The chi-squared distribution usually models data that are positive (such as the sum of physical measurements). With integer degrees of freedom parameter v, it is equal to the sum of v normally distributed variates. This toolbox does not require that the degrees of freedom be integral and will ignore negative values in a sample. Chi-squared distributions have variance equal to twice the mean.

$f(x) = \frac {x^{\left (a-2 \right)/2 }\, exp \left( -x/2 \right)} {2^{a/2}\, \Gamma \left (a/2 \right )}$

Inputs

function = [ {'cumulative'} | 'density' | 'quantile' | 'random' ], defines the functionality to be used.
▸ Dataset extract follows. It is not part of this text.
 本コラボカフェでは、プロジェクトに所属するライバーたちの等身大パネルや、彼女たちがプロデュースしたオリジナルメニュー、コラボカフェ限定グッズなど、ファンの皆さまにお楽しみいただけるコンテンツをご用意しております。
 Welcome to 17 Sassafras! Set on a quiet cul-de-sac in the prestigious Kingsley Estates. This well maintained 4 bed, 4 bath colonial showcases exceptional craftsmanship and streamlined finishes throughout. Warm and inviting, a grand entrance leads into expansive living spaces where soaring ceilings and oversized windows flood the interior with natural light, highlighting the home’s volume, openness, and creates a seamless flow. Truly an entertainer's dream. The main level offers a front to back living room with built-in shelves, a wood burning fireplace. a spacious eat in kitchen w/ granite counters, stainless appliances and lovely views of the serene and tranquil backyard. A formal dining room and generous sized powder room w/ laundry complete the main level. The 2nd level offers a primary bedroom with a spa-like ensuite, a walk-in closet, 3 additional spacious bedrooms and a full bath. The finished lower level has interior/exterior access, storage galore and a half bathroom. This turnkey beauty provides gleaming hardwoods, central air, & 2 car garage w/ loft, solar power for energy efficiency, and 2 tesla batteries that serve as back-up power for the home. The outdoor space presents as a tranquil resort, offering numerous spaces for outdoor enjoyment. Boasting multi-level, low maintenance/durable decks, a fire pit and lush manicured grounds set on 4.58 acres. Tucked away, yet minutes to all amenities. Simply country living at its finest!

Note that the function recognizes the first letter of each string so that the string could be: [ 'c' | 'd' | 'q' | 'r' ].

x = matrix in which the sample data is stored, in the interval (0,inf).
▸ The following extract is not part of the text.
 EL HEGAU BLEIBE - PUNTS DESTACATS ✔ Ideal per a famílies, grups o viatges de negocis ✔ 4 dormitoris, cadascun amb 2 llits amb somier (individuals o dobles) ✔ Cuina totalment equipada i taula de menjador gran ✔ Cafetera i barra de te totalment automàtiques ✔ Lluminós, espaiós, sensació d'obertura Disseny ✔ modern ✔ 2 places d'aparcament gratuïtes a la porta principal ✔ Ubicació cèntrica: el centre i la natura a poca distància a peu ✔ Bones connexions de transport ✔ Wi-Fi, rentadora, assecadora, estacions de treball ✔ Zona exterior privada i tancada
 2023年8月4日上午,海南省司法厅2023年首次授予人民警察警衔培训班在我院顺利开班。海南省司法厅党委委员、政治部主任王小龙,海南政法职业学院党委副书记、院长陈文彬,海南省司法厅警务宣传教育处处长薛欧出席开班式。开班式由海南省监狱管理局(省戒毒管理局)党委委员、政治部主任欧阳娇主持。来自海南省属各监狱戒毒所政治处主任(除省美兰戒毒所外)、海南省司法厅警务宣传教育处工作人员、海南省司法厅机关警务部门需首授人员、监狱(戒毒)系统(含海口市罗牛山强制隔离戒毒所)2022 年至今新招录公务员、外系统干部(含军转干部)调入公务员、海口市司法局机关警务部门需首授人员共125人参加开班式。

for function=quantile - matrix with values in the interval (0,1).

for function=random - vector indicating the size of the random matrix to create.

a = degrees of freedom parameter (positive integer).

Note: If inputs (x, a, and b) are not equal in size, the function will attempt to resize all inputs to the largest input using the RESIZE function.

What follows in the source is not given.